How many EVA must one need to reach the scalability and performance of an XP1024?

Is it 2 or 4? Or Is it the other way around -- how many XP1024's to reach the "performance" of an EVA5K?


Also, would it be advisable to do software based Stripes across LUNs on say 4/8 EVA's? Will still use SecurePath for Path Protection.. Just need more IO bandwidth and IO/s...

Hakuna Matata.
9 REPLIES
Ted Buis
Honored Contributor

Re: n x EVA Equals One Hitachi/HP XP1024?

Nelson,

From a capacity standpoint it takes 4 EVAs (240 drives per EVA) to basically match the potential of the XP1024. From a cache perspective, the maximum cache on the XP is many many times greater than the EVA. The XP has the potential for many more CHIPs (Channel Host Interface Processors ) or front end controllers.
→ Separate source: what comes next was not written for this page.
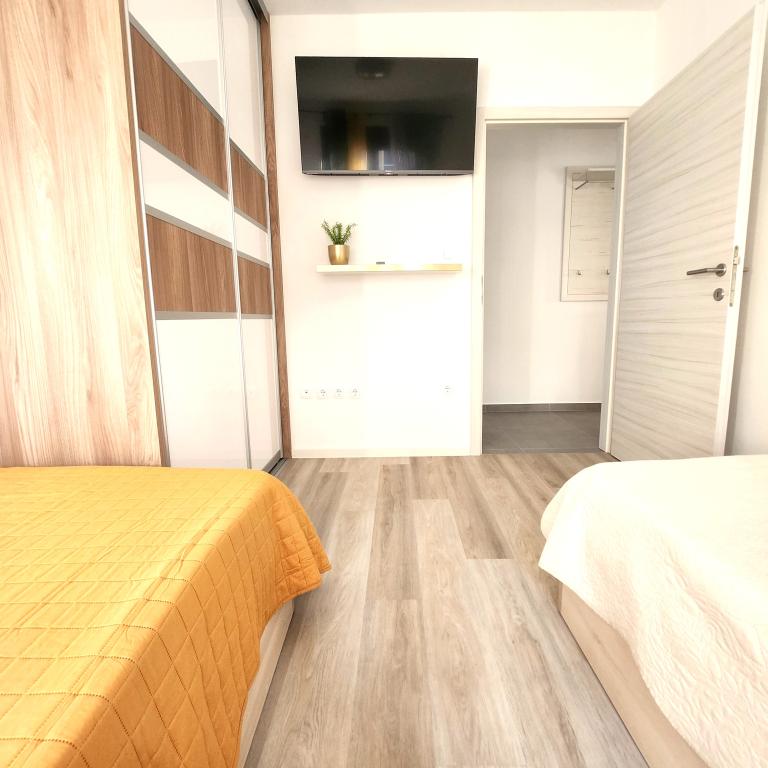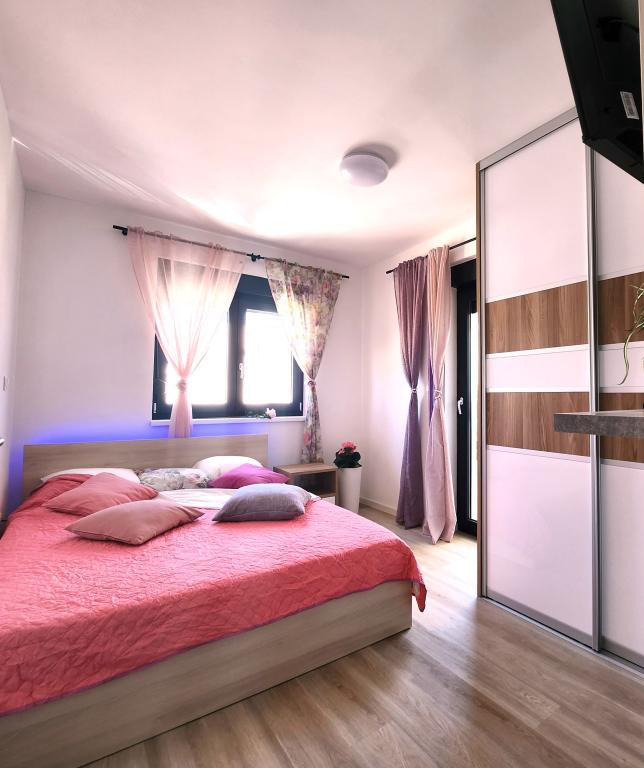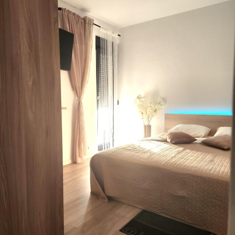 Taxe de sejour est inclus dans le prix.Possibilité de transfert de l'aéroport de Zadar à Novalja. Le prix de l'appartement comprend la taxe de séjour ainsi que l'utilisation de la climatisation, d'internet et du parking dans notre cour avec possibilité de chargeur électrique. Les appartements peuvent être utilisés pendant moins de 3 jours, avec une majoration de prix de 30%. Nous mettons gratuitement à disposition de nos hôtes une machine à laver et un fer à repasser avec support. Nous avons toujours accordé une attention particulière au maintien de la propreté et de l'ordre de nos appartements et du jardin, le linge de lit et les serviettes étant lavés à la température maximale (90-95°C) et devant être repassés.

However on a per LUN basis, the EVA can be much faster because it can internally stripe across many physical drives, while on the XP you really need to stripe to get max performance. As always with performance it depends on the application usage. The EVA is much easier to manage and much easier to get good performance, but if you have to do OS striping anyway, then I would likely go to the XP. The XP has the availability edge over the EVA, but also comes with a price tag to match. The EVA is much more modular and is a true virtual array and so can may snapshots. Do you need to do CA for data replication between units? If so, the XP has the edge. Just remember on both arrays, the number of spindles controls the back end performance, so this can be important. There is a 8c8d version of the EVA5000 for highest performance (8 contoller, 8 drive bay or really 4 arrays), so it is reasonable to expand the number of controllers.
Mom 6
Peter Mattei
Honored Contributor

Re: n x EVA Equals One Hitachi/HP XP1024?

Some more facts
Max LUNs per box: EVA = 256, XP1024 = 8192
Max # of CA Pairs: EVA = 128, XP1024 = 8192
Backend performance: EVA = 30kIOPS or 675MB/sec, XP1024 = 57kIOPs or 2000MB/sec
max # of FC ports: EVA = 4, XP1024 = 64
# of OSes supported is much higher on the XPs.
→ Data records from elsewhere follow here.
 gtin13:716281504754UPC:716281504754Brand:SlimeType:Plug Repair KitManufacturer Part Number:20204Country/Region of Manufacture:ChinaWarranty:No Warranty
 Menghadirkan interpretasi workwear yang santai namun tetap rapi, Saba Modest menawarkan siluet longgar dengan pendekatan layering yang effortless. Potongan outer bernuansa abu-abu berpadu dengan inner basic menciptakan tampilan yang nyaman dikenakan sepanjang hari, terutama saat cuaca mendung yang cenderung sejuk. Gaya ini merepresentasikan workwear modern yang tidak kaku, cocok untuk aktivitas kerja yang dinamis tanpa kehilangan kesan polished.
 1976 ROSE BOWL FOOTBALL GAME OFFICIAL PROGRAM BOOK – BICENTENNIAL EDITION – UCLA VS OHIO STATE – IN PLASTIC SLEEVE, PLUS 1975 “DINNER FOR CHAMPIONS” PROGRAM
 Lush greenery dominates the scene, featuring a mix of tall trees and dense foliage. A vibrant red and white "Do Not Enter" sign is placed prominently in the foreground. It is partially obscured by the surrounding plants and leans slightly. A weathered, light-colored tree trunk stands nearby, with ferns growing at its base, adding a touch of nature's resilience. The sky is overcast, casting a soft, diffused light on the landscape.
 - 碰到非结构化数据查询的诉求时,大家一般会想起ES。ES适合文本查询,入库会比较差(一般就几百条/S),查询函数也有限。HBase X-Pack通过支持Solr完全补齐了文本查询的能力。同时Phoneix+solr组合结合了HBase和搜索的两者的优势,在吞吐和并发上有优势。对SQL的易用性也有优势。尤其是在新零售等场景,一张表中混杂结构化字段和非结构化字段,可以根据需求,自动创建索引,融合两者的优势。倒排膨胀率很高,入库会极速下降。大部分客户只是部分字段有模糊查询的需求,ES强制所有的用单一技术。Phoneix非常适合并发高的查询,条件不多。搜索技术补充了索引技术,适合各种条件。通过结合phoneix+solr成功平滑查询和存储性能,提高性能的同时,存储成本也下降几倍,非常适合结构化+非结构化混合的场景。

The XP has the possibility of reaching a higher sustained performance when the load is well distributed.
On a single LUN basis the EVA will get higher performance due to internal striping. On the XP an LDEV (usually=LUN) is sptiped across 4 or 8 disks. On the EVA a LUN is striped over between 8 and 240 disks!
This is good for OSes like Windows, Novell etc. where no real good Volume MAnager is implemented!

Cheers
Peter
I love storage
Alzhy
Honored Contributor

Re: n x EVA Equals One Hitachi/HP XP1024?
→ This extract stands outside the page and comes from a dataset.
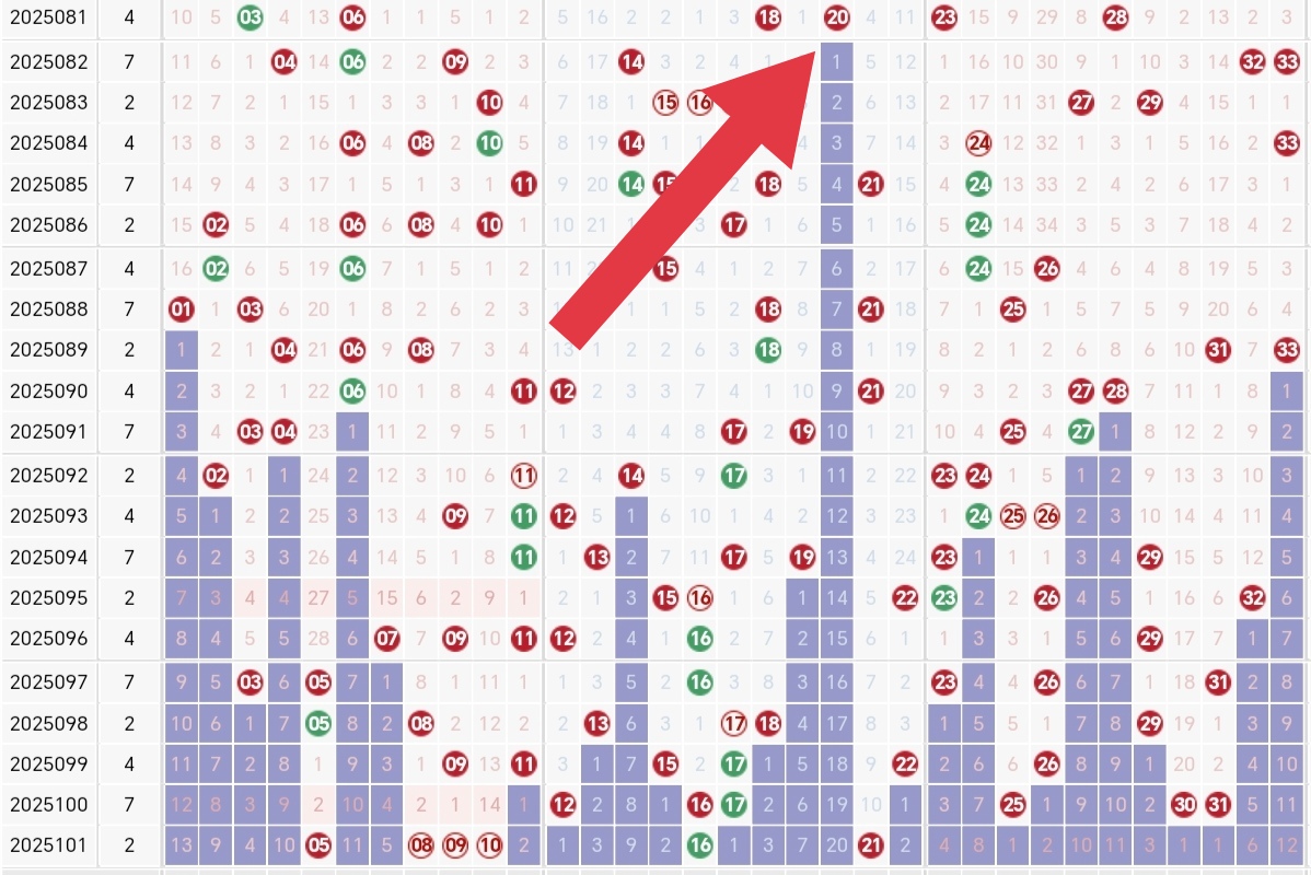 遗漏:从上次开出到本期所间隔的期数。(例如:红色球20号上次开出时间2025年第81期,当前开出2025年101期,101-81=遗漏20期)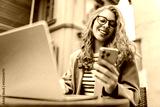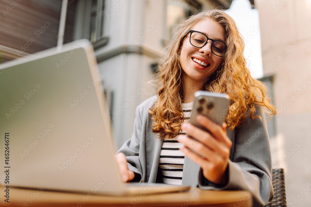 Stylish woman in glasses with laptop and phone at table on terrace in cafe. Young female freelancer working on laptop, with phone in hands on a sunny day. Freelancing, weekend concept.

Thanks for the thoughts/technicals...

On the issue of scalability, I am finding out that the EVA really cannot scale well due to its 4 Frontends. It only behaves/performs well if there are a few number of servers connected to it. The impact of one server doing intense I/O is very noticeable on the other connected servers.

We're thinking of striping (host-based) accross LUNS on 4 EVA's to increase performance and lessen WaitIOs on our UNIX boxen. What do you think? Bad/Good? Or ditch the EVA for the more predictable Hitachi (XP) -- as one HP Account Rep once suggested...?
Hakuna Matata.
Peter Mattei
Honored Contributor

Re: n x EVA Equals One Hitachi/HP XP1024?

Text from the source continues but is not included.